You will need
- Pens or pencils
- A4 paper
Before you begin
- Remind yourself of everything people have done to champion kindness: how did they identify the need, plan action, and take action?
- If you have resources people made, or photos and videos of them taking action, bring them to show everyone. You could ask people to bring their own photos and resources too.
- Write the Questions to ask on six pieces of paper and display them around your meeting space.
Organise a speaker
- Contact the British Red Cross by emailing firstname.lastname@example.org to arrange for a Red Cross speaker to come and talk to your group. They’ll be able to explain what the Red Cross does, tell everyone about the power of kindness, and let them know how they can support the Red Cross.
- Make sure your speaker has all the information they need, including how to get to your meeting place and any access information they may need.
- Make sure you’ve got enough resources for everyone so the visit runs smoothly.
- Don’t worry if you can’t arrange a speaker – there’s plenty of information on the Red Cross sheet and their website.
- The person leading the activity should help everyone remember the main details about their project so far. They should use any resources, photos, or videos to help jog people’s memories.
- Everyone should split into six groups. Each group should go to a different piece of paper with a question on.
- Each group should spend two or three minutes thinking about each question, chatting with their friends, and jotting down their ideas.
- The person leading the activity should keep track of time. After a few minutes, they should tell everyone to move to the next sheet of paper. Everyone should keep moving around until they’ve had a chance to reflect on each of the six questions.

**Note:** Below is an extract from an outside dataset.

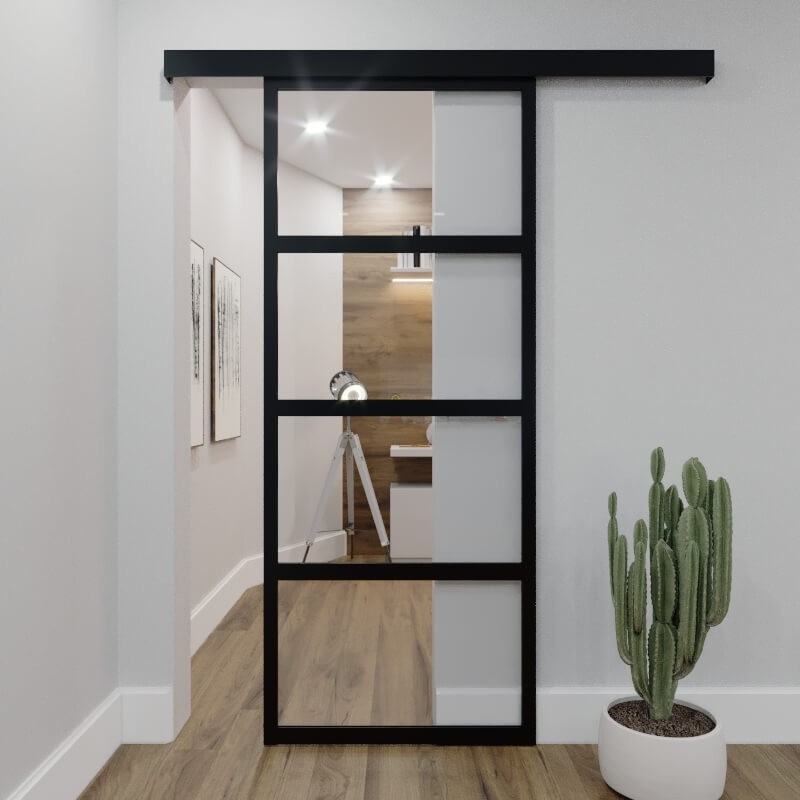 Porte coulissante en aluminium type Atelier, modèle Contemporain, pour USAGE INTÉRIEUR UNIQUEMENT.

- Everyone should share their ideas.
Become a kindness champion
- Before the speaker arrives, everyone should work together to come up with some questions to ask and remind themselves of ground rules for good listening.
- Everyone should listen carefully to the speaker and ask their questions.
- The person leading the activity should explain that kindness champions are people who’ve said they’ll act as kindness role models by challenging unkind acts, spreading kindness, and doing acts of kindness for others. Kindness champions can be kind locally, nationally, or even internationally.
- Everyone should split into small groups.
- Each group should chat about the pledges they could make. They could think about things they can do on their own and things they could do as a group.
- Everyone should decide on a kindness pledge – something they’ll do in the future to show kindness to others.
- Everyone should record their pledge on the Kindness pledge sheet or a sheet of paper.
This activity helps contribute towards some of the UN's Sustainable Development Goals. Find out more about the SDGs, and how Scouts across the world are getting involved.
This activity was all about reflecting on a project and how it helped people’s community and encouraged them to be citizens. How did the project make a difference for people? Did people try anything new in this project or develop new skills? Today, people came up with a kindness pledge to make more change. Was it easy to decide on a pledge? Some people may have found it tricky to narrow their options down, while others may have struggled to decide whether to join a group or go solo. What does it mean to be a kindness champion in the community? What has being a kindness champion got to do with being a citizen?
- Online safety
Supervise young people when they’re online and give them advice about staying safe.
For more support around online safety or bullying, check out the NSPCC website. If you want to know more about specific social networks and games, Childnet has information and safety tips for apps. You can also report anything that’s worried you online to the Child Exploitation and Online Protection command.
As always, if you’ve got concerns about a young person’s welfare (including their online experiences), follow the Yellow Card reporting processes.